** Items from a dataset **
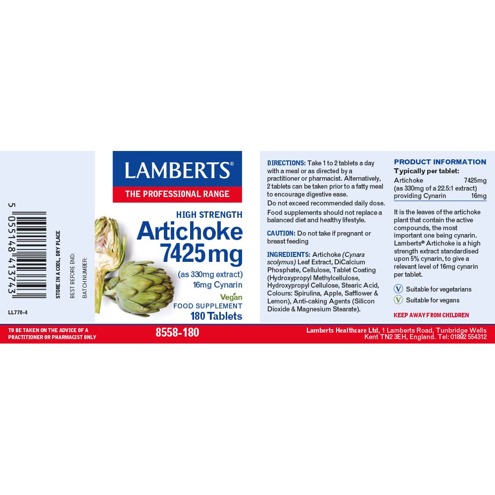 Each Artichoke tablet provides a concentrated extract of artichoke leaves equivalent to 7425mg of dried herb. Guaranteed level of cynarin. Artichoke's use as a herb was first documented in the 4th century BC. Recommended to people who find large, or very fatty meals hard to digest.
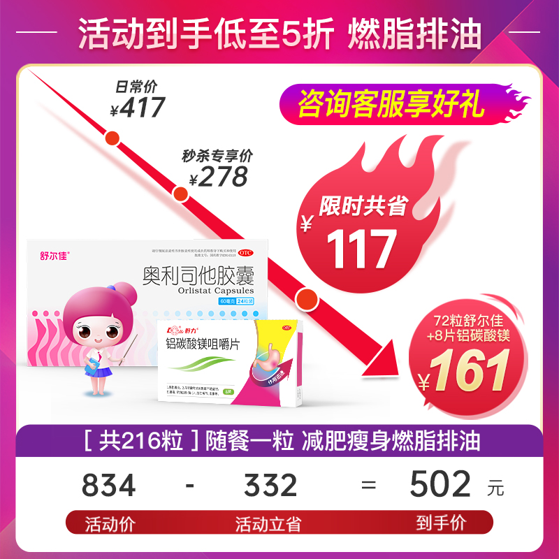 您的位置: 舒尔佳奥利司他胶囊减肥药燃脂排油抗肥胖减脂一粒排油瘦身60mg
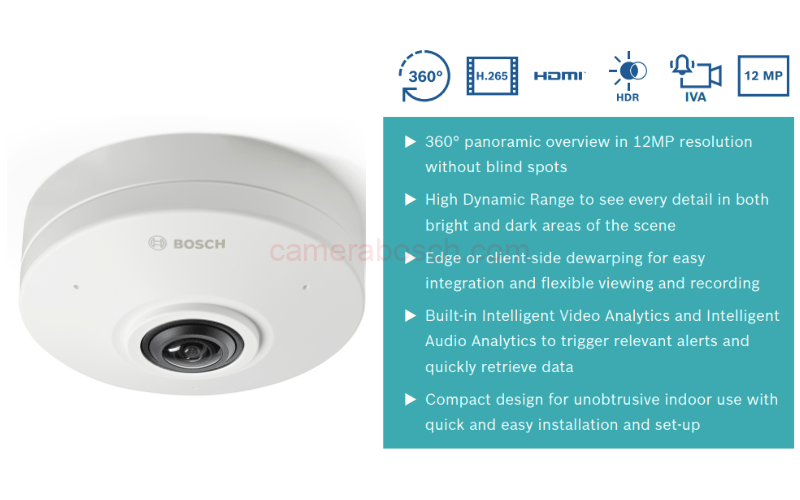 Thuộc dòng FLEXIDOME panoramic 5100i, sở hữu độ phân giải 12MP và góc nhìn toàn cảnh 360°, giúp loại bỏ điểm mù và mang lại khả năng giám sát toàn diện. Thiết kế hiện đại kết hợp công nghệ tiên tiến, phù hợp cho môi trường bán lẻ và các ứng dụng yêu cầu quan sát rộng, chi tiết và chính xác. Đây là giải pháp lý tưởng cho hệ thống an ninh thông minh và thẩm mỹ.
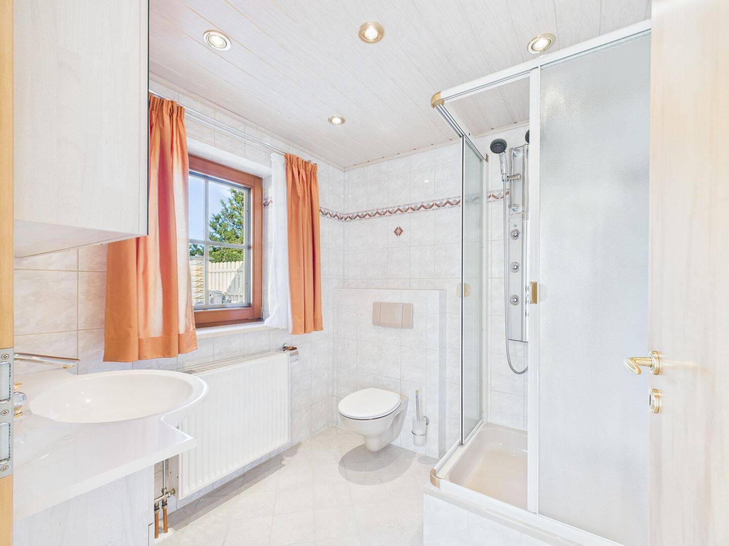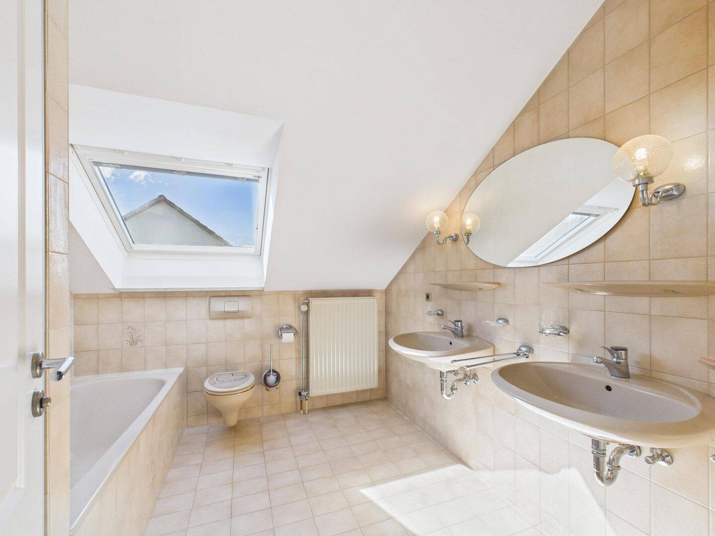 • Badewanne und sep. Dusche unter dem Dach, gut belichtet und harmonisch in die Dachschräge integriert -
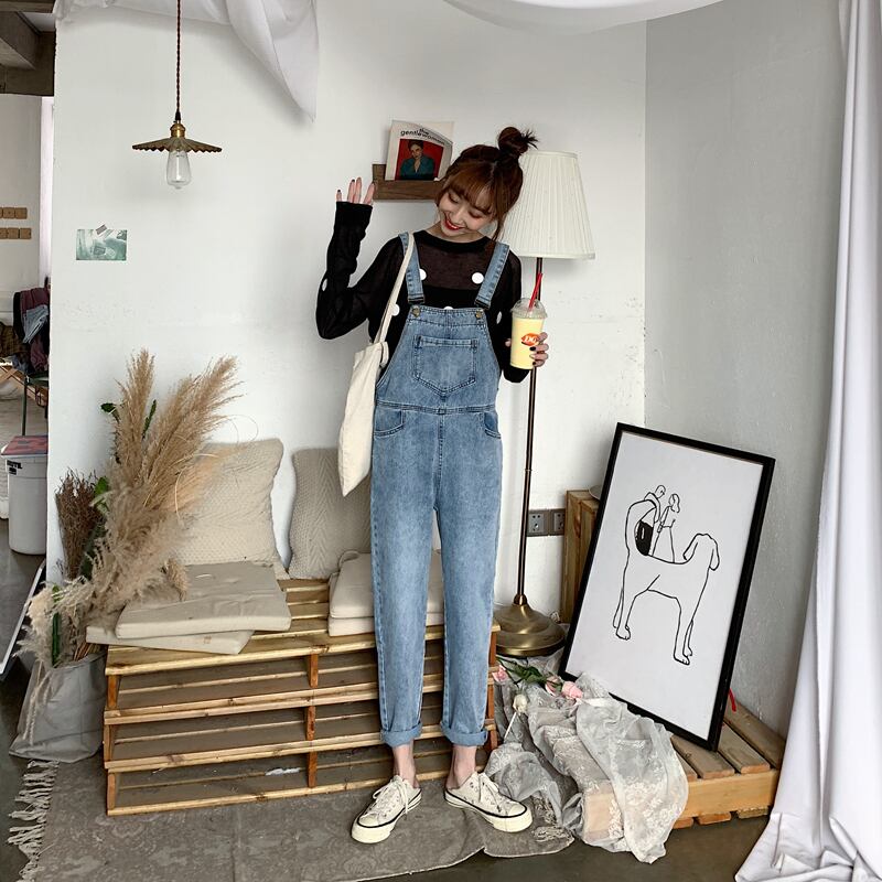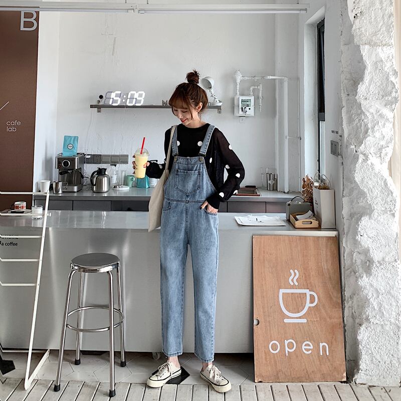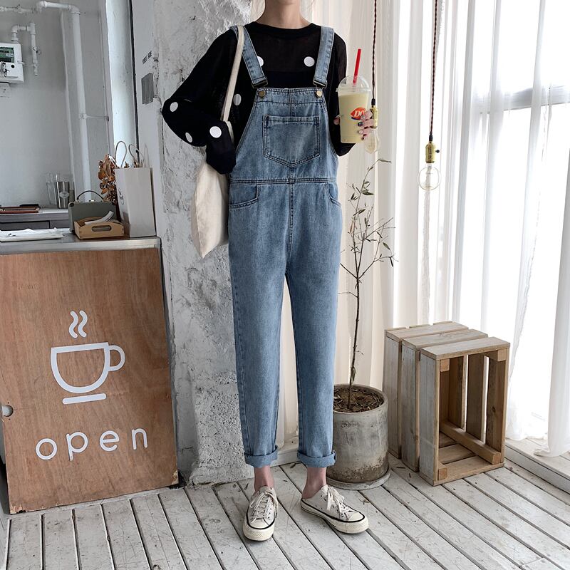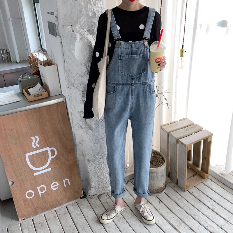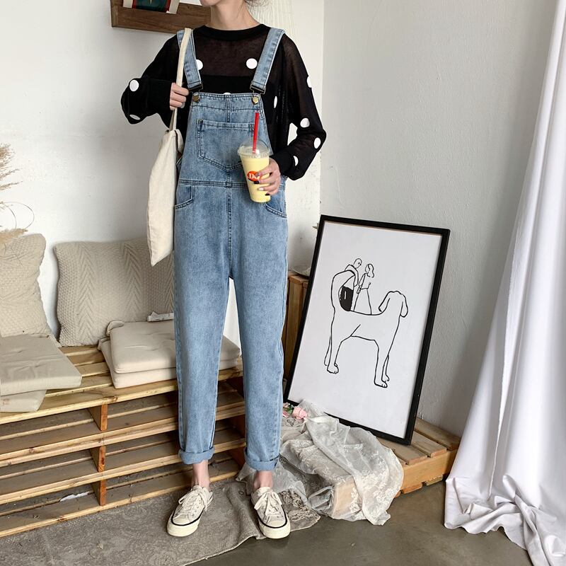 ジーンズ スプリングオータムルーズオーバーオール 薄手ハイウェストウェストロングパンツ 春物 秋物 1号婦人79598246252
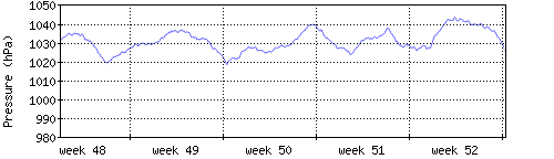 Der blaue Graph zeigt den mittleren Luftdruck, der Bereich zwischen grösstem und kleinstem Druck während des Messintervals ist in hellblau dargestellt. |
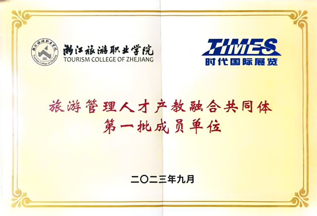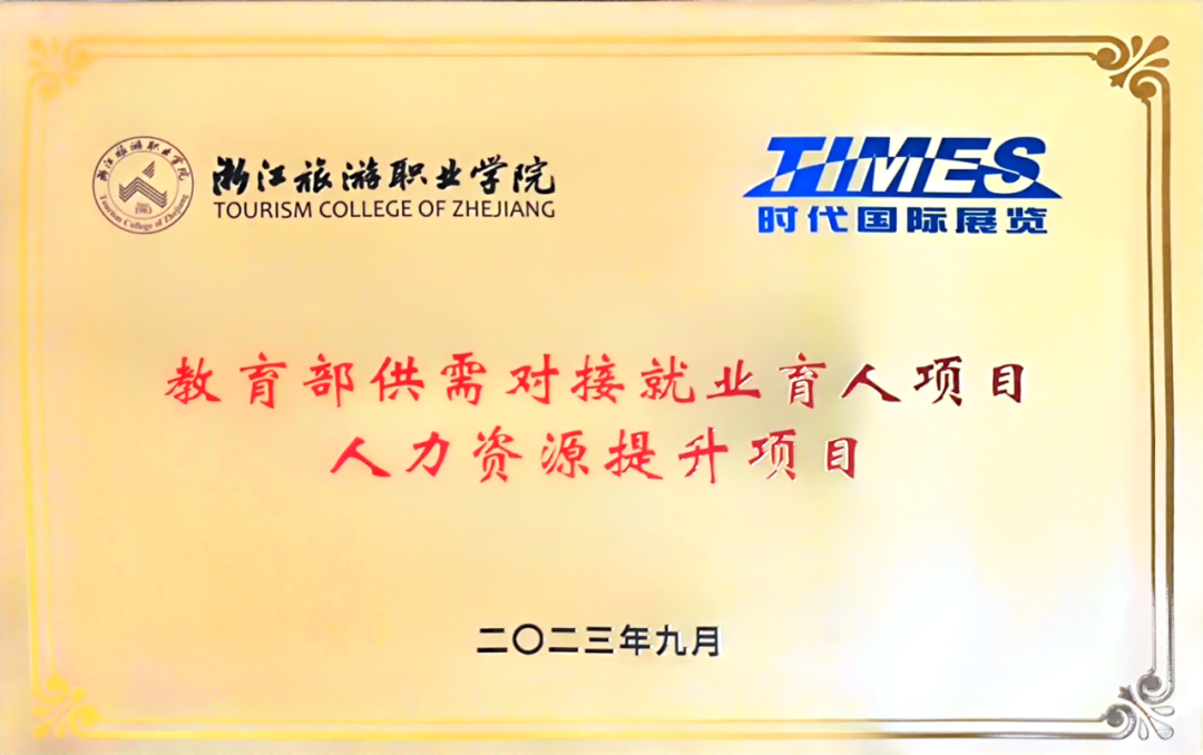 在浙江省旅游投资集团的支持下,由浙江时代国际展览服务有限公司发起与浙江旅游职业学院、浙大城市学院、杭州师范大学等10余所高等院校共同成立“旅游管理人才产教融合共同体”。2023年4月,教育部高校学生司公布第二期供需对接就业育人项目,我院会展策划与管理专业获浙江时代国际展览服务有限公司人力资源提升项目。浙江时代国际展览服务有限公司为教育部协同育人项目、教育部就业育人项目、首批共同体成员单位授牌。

** ACTIVITY **
Each entry above should be printed again word for word, with any picture dropped.

** RESULT BELOW **
 Each Artichoke tablet provides a concentrated extract of artichoke leaves equivalent to 7425mg of dried herb. Guaranteed level of cynarin. Artichoke's use as a herb was first documented in the 4th century BC. Recommended to people who find large, or very fatty meals hard to digest.
 您的位置: 舒尔佳奥利司他胶囊减肥药燃脂排油抗肥胖减脂一粒排油瘦身60mg
 Thuộc dòng FLEXIDOME panoramic 5100i, sở hữu độ phân giải 12MP và góc nhìn toàn cảnh 360°, giúp loại bỏ điểm mù và mang lại khả năng giám sát toàn diện. Thiết kế hiện đại kết hợp công nghệ tiên tiến, phù hợp cho môi trường bán lẻ và các ứng dụng yêu cầu quan sát rộng, chi tiết và chính xác. Đây là giải pháp lý tưởng cho hệ thống an ninh thông minh và thẩm mỹ.
 • Badewanne und sep. Dusche unter dem Dach, gut belichtet und harmonisch in die Dachschräge integriert -
 ジーンズ スプリングオータムルーズオーバーオール 薄手ハイウェストウェストロングパンツ 春物 秋物 1号婦人79598246252
 Der blaue Graph zeigt den mittleren Luftdruck, der Bereich zwischen grösstem und kleinstem Druck während des Messintervals ist in hellblau dargestellt. |
 在浙江省旅游投资集团的支持下,由浙江时代国际展览服务有限公司发起与浙江旅游职业学院、浙大城市学院、杭州师范大学等10余所高等院校共同成立“旅游管理人才产教融合共同体”。2023年4月,教育部高校学生司公布第二期供需对接就业育人项目,我院会展策划与管理专业获浙江时代国际展览服务有限公司人力资源提升项目。浙江时代国际展览服务有限公司为教育部协同育人项目、教育部就业育人项目、首批共同体成员单位授牌。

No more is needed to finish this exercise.